Title: Inhibition of NF-kappaB prevents mechanical allodynia induced by spinal ventral root transection and suppresses the re-expression of Nav1.3 in DRG neurons in vivo and in vitro.

Authors: Ying Zang, Xin-Hua He, Wen-Jun Xin, Rui-Ping Pang, Xu-Hong Wei, Li-Jun Zhou, Yong-Yong Li, Xian-Guo Liu

Journal, date & volume: Brain Res., 2010 Dec 2 , 1363, 151-8

PubMed link:

Activation of nucleus factor-kappaB (NF-κB) in the dorsal root ganglia (DRG) is critical for development of neuropathic pain. The underlying mechanisms, however, are largely unknown. In the present work we tested if the activation of NF-κB is required for re-expression of Nav1.3, which is important for development of neuropathic pain, in uninjured DRG neurons. We found that intrathecal injection of pyrrolidine dithiocarbamate (PDTC), a NF-κB inhibitor, completely blocked the mechanical allodynia induced by L5 ventral root transection (L5-VRT), when applied 30 min before or 8h after operation, but at 7d after L5-VRT the same manipulation had no effect on established allodynia.

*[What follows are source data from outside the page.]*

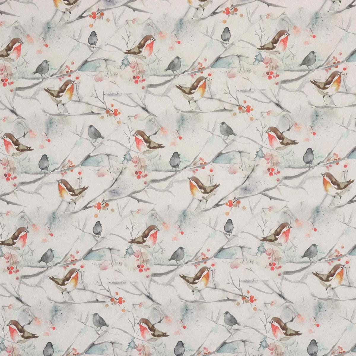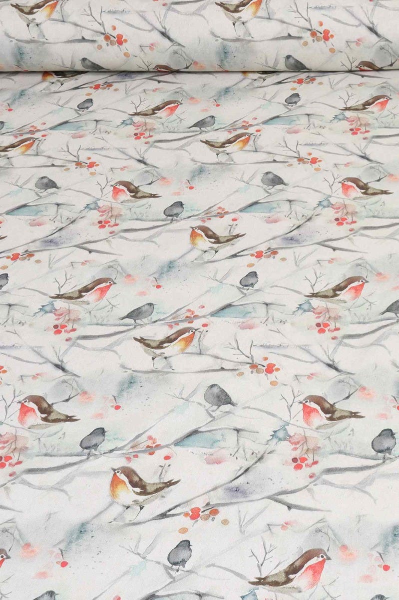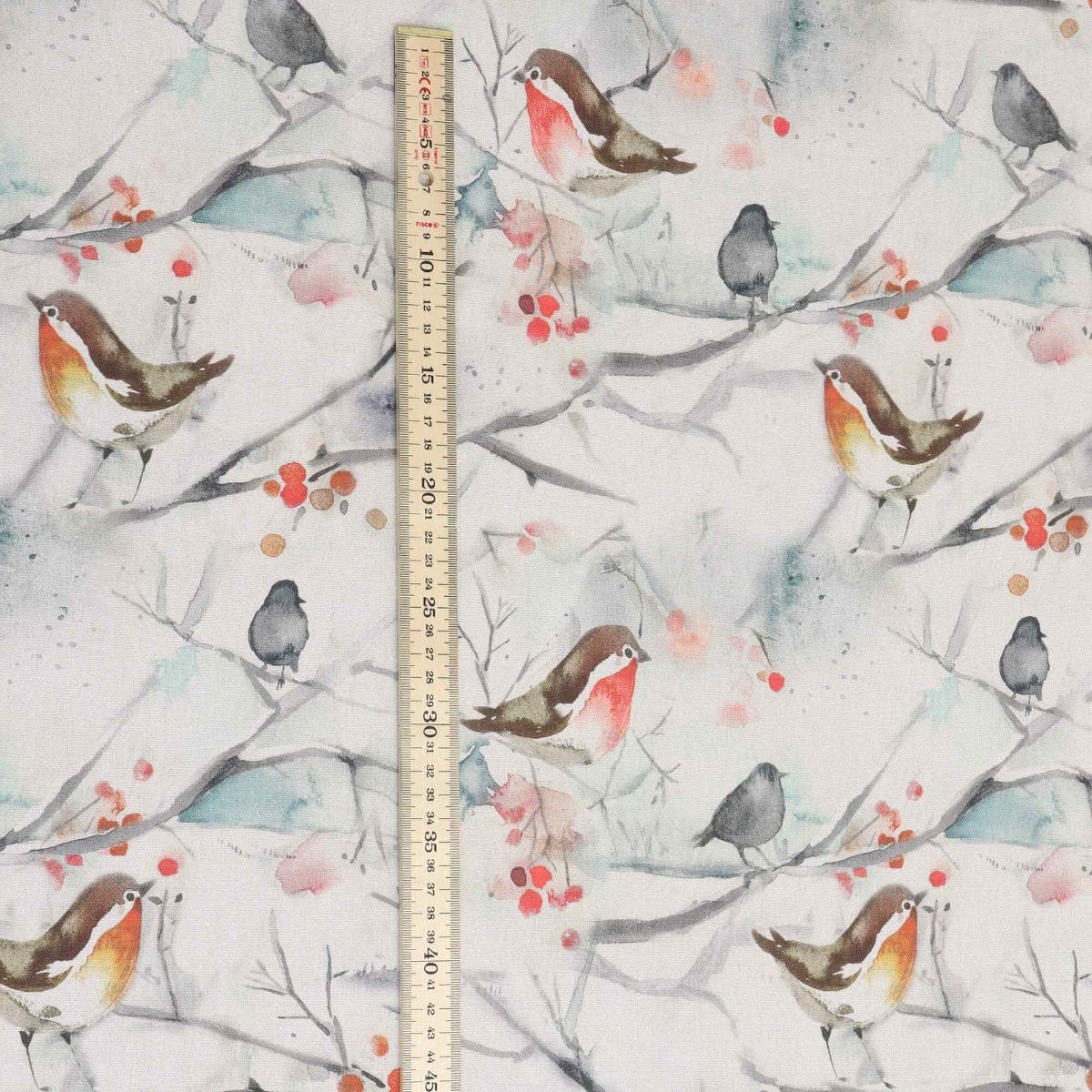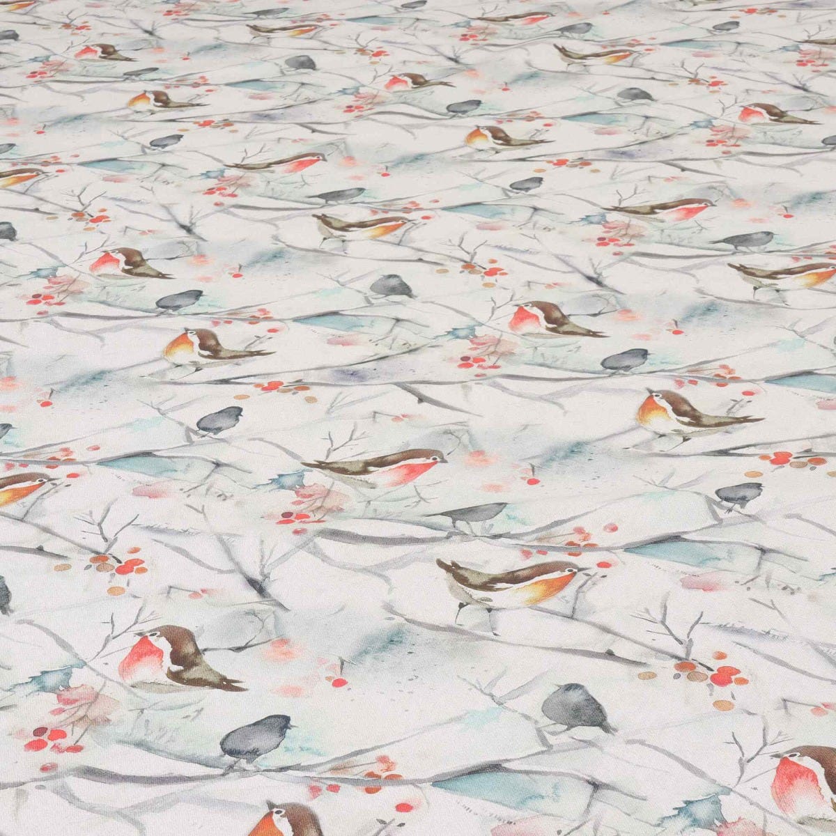 This winter inspired Voyage design features robins singing in a gorgeous white/ecru snowy scene. Printed on a luxurious 100% cotton fabric.
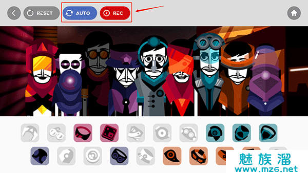 2、精致魔性的人物角色看着你需要你不断的点击音符来消除他们的面具。
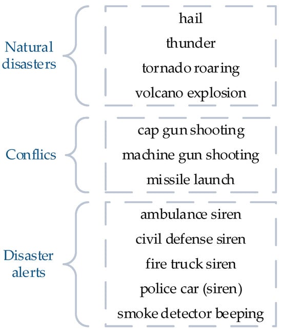 The MHGSA system, based on the two previously mentioned multi-branch feature extraction modules for different modalities, uses a residual gated graph convolutional neural network based on hierarchical graphs as multimodal feature fusion. We extracted 12 categories from the original VGGSound dataset and categorized them into three categories as coarse granularity labels (Figure 7). We referred the extracted dataset as VGGSound for Disaster Response (VGGSound-DR).
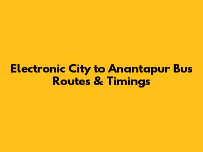 Electronic City To Anantapur Bus Routes & Timings

Pre-treatment with PDTC also prevented the re-expression of Nav1.3 induced by L5-VRT. As our previous work has shown that up-regulation of tumor necrosis factor-alpha (TNF-α) in DRG is responsible for the re-expression of Nav1.3 in uninjured DRG neurons following L5 ventral root injury, we investigated whether activation of NF-κB is essential for the up-regulation of Nav1.3 by TNF-α. Results showed that application of rat recombinant TNF-α (rrTNF) into the cultured normal adult rat DRG neurons increased the immunoreactive (IR) of Nav1.3 localized mainly around the cell membrane and pre-treatment with PDTC blocked the change dose-dependently. The data suggested that injury to ventral root might lead to neuropathic pain and the re-expression of Nav1.3 in primary sensory neurons by activation of NF-κB.